5 Expectations That Hurt Your Son

When they first handed you your son in the hospital room, where did your mind go? Did you immediately wonder what his cumulative GPA would be upon graduation? Did you dream about how many points per game he’d average in his high school basketball career? Or perhaps you pondered where he might land his first job out of college? OK, my guess is none of these is accurate. You were probably just so in love with this baby that the idea of expecting anything out of him was far from your mind.

But somewhere along the line, we develop expectations. We take our vision of who our son should be and place it on him whether or not he wants it (spoiler alert—he doesn’t). In some ways, this is inevitable, but that doesn’t make it helpful, in fact, it can significantly damage the father-son relationship. While we need to be setting boundaries and making clear which behaviors are appropriate and which are not, we need to minimize, if not eliminate, expectations. Specifically, here are 5 expectations that hurt your son and damage the father-son relationship.

1. Expecting Him to Be You

Your son and you might share a lot in common. You may look and sound similar. You may share interests in music, sports, or movies. Yet without question, he is a unique individual. And sometimes, when we try to push our sons in a particular direction, it can be more about control than about helping them to become the best version of themselves. This can serve to stifle his actual gifts and can create a rift between you, either causing him to feel shame that he can never live up to your expectations or to rebel because he feels the need to get space from you so he can be himself. Let go of your expectations of your son and celebrate who he is becoming.

2. Expecting Him to Be Immature

How many times have you experienced boys, or even young men, behaving in ways you found utterly objectionable, but you simply responded by rolling your eyes and thinking, “Boys are so immature!” On the one hand, it’s true that boys mature more slowly than girls. However, it’s not true that it’s an excuse for bad behavior. Your son needs to understand that treating people with respect, following through with responsibilities, and telling the truth are not issues he gets a pass on because of his gender. You need to set clear boundaries around what behavior is acceptable and what isn’t. He’s capable of much more than you might think.
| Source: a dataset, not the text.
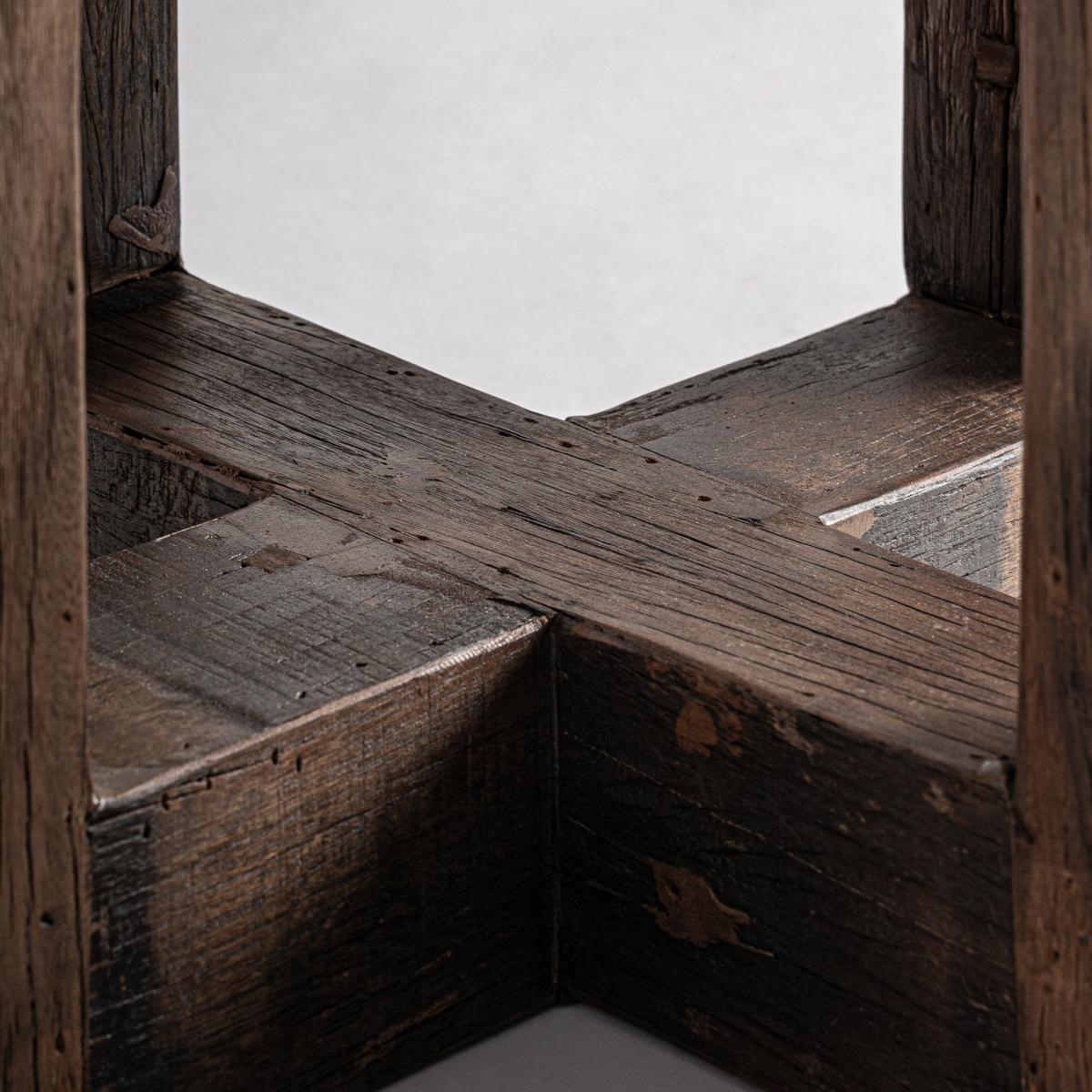 Mesa auxiliar fabricado en madera recuperada en color marrón.

3. Expecting Him to Be Tough

I don’t think it’s wrong to want your son to learn how to push through difficult situations. That kind of inner strength is incredibly valuable. But often when we want our sons to be “tough guys,” what we mean is we want them to go through difficult experiences without expressing emotions that make us uncomfortable. This expectation can stunt our sons’ emotional development and prevent them from learning how to grieve loss and move on in a healthy way. Instead, they may just learn to stuff things down inside so they can inevitably erupt at some future time. Sadness, anger, and grief are all healthy responses to loss. The key is to walk with your son so he learns not to get stuck there.

4. Expecting Him to Be Aware

Awareness is not something we’re born with; it’s something we cultivate. By awareness, I mean a person’s ability to notice what is happening in the room beyond what he is thinking, feeling, or doing. This requires paying attention, listening well, asking questions, observing… In short, this is a learned skill. Often, our sons are ill equipped to handle social environments well because we don’t take the time to teach them how to be aware, we just expect them to get it naturally. Of course, if we’re going to teach them, we need to cultivate it in our lives as well. One of the beauties and the challenges of the father-son relationship is that you can’t really teach what you haven’t learned.

5. Expecting Him to Be Ready

Whether it’s his first smart phone, his first girlfriend, or his first drink, it’s easy to assume he’s ready. As a result, we let him go out without much or any coaching or conversation. Often, though, this is simply a way we avoid the difficult work of having uncomfortable conversations or setting necessary boundaries. On the one hand, our sons can handle more than we often think. On the other, assuming they’re fine just because they’re “old enough” is a great way to set them up for failure. If you aren’t walking with him to prepare him for what’s next, it’s likely that he’ll make some avoidable and perhaps significant blunders. Don’t expect him to be ready; expect him to need your support.

Sound off: What other expectations do we often have for our sons that can actually hurt them?

Huddle up with your kids and ask, “When do you feel the most pressure?”